I took a brief look at it.

First of all, it's very subjective, yet uses a numerical index to suggest that there is an objective basis for what they are saying. This is fundamentally dishonest: you cannot, legitimately, express uncertainties (subjective evaluations) as a number, which is based on objective analysis. This must be done rather with valences (such as +++ or ----) rather than a number. In my work, the moment where we start using numbers that are not based on "real" facts, we no longer publish them as numbes, but rather use valences. Otherwise you are misleading your customers that you have the real numbers, and in the commercial environment you will be found out and you will lose your reputation. Shame that this is apparenly not the case here. Shoddy work at best and deliberate misleading at worst...

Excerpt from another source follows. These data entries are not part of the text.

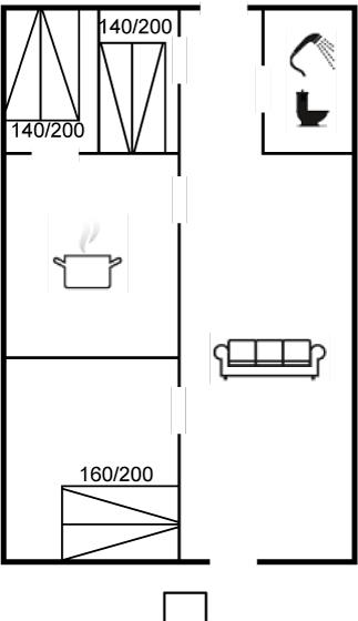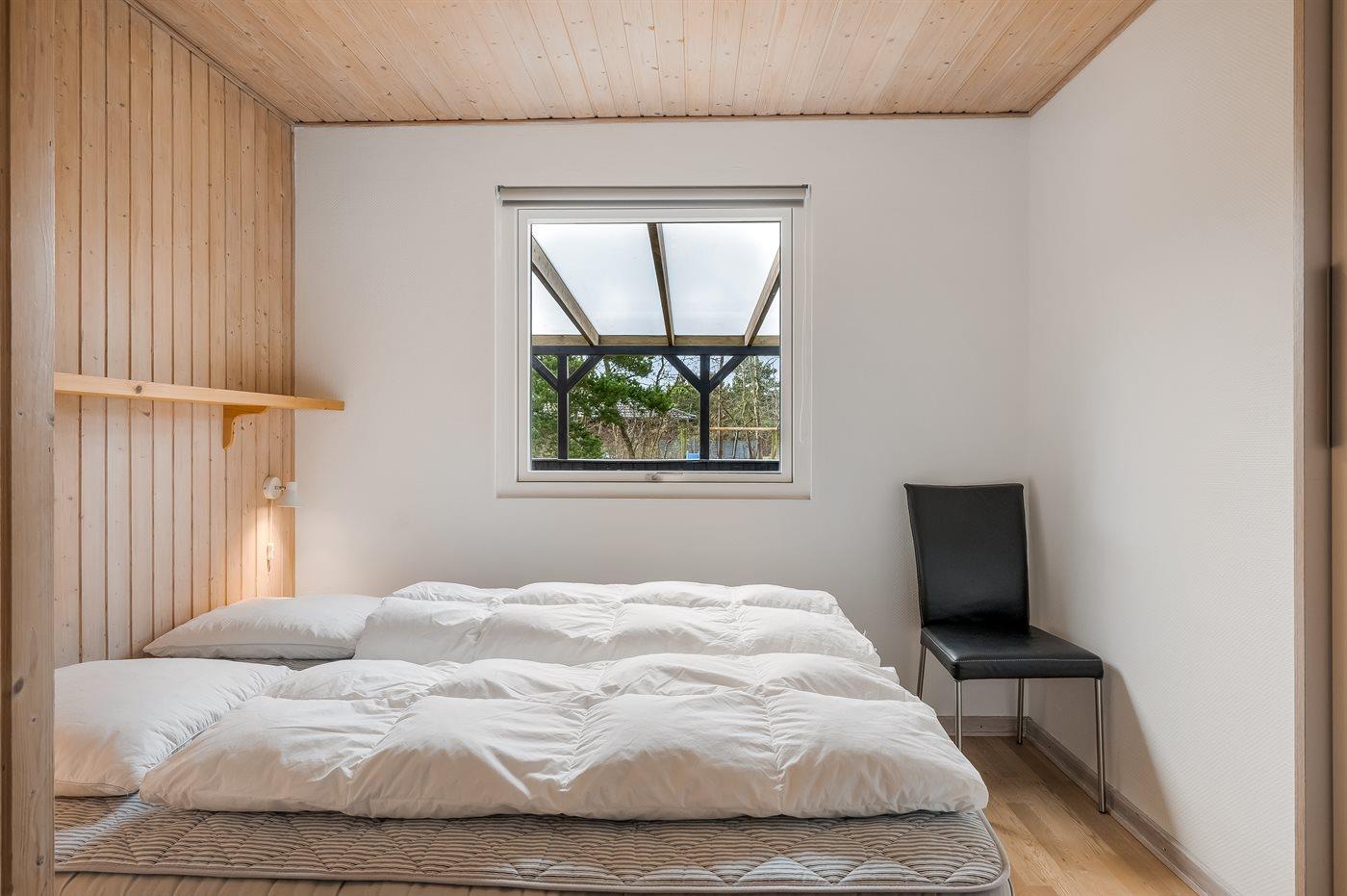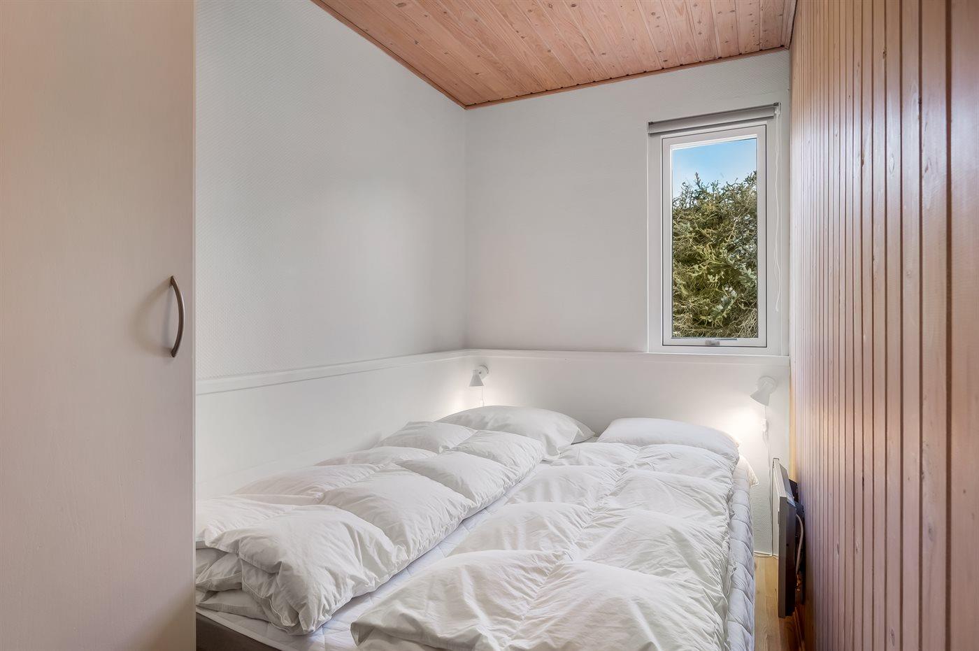 Der er i alt 3 soveværelser. Sovepladserne fordeler sig på: 4 sovepladser i dobbeltsenge. 1 soveplads i enkeltseng. Derudover er der 1 stk. barneseng.
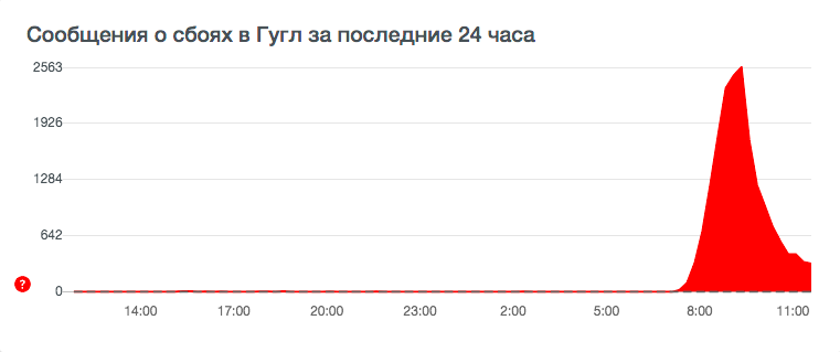 Так, на роботу пошукової системи почали скаржитися о 8:45 за Києвом. Найбільше їх сервіс отримав з 9 ранку - 2 570. Про проблеми з додатком повідомляють користувачі з США, Великобританії, Іспанії, Італії, Німеччини, Австралії, а також України.
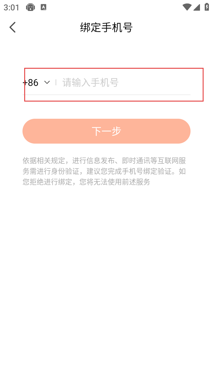 4、在绑定手机号页面,输入手机号,点击【下一步】按钮,按照提示完成验证码输入等操作,即可完成手机号码绑定。
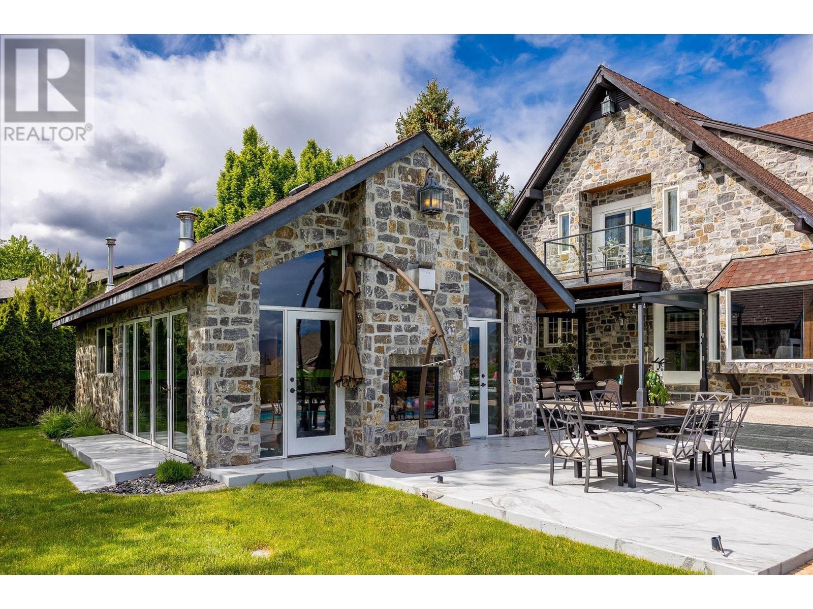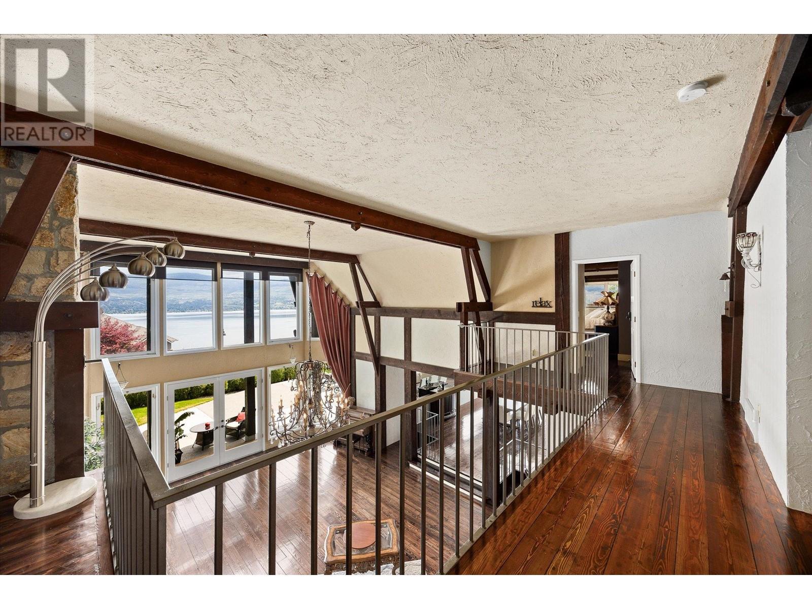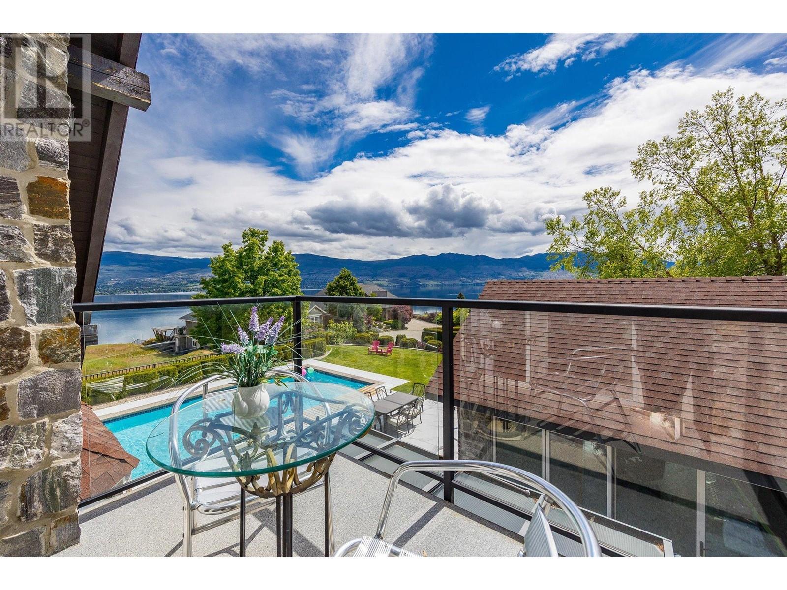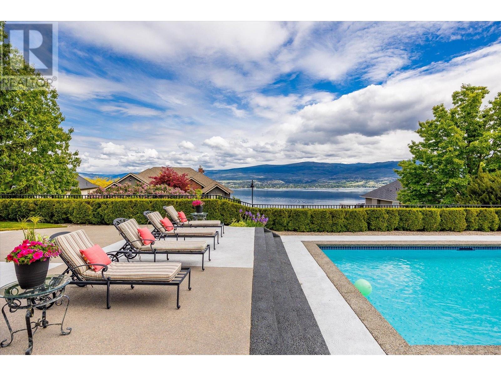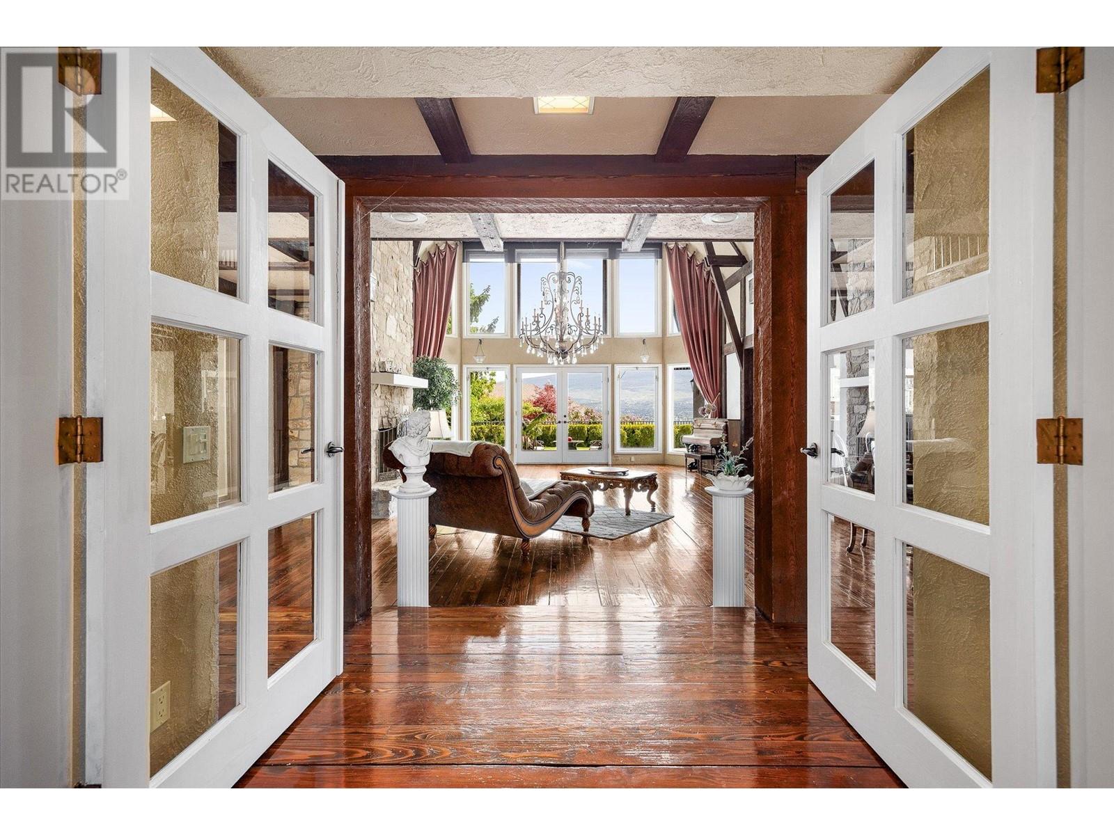 Set on a beautifully landscaped half-acre lot in the exclusive gated community of Thacker Ridge Estates, this remarkable estate home blends luxury, rustic charm, and timeless character. Enjoy breathtaking Okanagan Lake views from your private pool and patio, surrounded by an immaculately maintained yard. Inside, the home is filled with unique touches — rustic wood beams, soaring 20 foot ceilings, and charming secret passages. A grand double-door entrance leads to a sunken living room with a dramatic fireplace and a full wall of windows framing the lush outdoors. The entertainer’s kitchen offers a thoughtful layout with dual sinks, a gas cooktop, double ovens, an oversized fridge-freezer with custom cabinetry, and an adjoining statement dining room perfect for hosting. Upstairs, three spacious bedrooms each feature ensuites, creating private, tranquil retreats. Bonus spaces include a finished attic and a large basement with a recording studio and media room — not included in the main square footage — with 6’2” ceilings, offering extra flexibility and creative potential. An additional highlight is the cabana, complete with a commercial kitchen, bar, and bathroom, ideal for entertaining in resort-style comfort. This home masterfully balances grandeur and warmth, is minutes away from a number of world-class wineries, golf courses, and a short 5 minute drive from all the daily amenities you need, making it a rare and unforgettable opportunity that is perfect for Okanagan living. (id:58842)

Secondly, the environmental footprint claims to include something that I know as a professional international economist can't be included: they claim to be able to reduce the footprint of a country by excluding products and services that are exported, counting these instead with the importing country.

I work extensively with import-export data (UNIDO, UNCTAD, COMEXT databases are part of my daily bread and butter) and there are no such numbers available on the basis that they are claiming (of being able to identify which El Salvdorean bananas are sold to the US and consumed by the US, for example). While there are direction of trade statistics, and there are detailed direction of trade by product numbers available (this is the UNCTAD data set: roughly 6 mn time series!), the ownership of those products cannot be determined, and indeed is the basis for developing the statistics: anonymity is guaranteed and there is no way for this group to have ***any*** idea of whether a Chaquita plantation produces for the local market, whether it produces for a secondary downstream manufacturer located locally or whether it delivers directly to the mother company. This would make a HUGE difference in terms of how the ecological footprint is measured. I am professionally unaware of any one who claims to have world trade modelled at even a two-digit level of detail, let alone the 6-digit level of detail that the UNCTAD data base offers.

If they are working with proxies, these are not stated. Again, very poor.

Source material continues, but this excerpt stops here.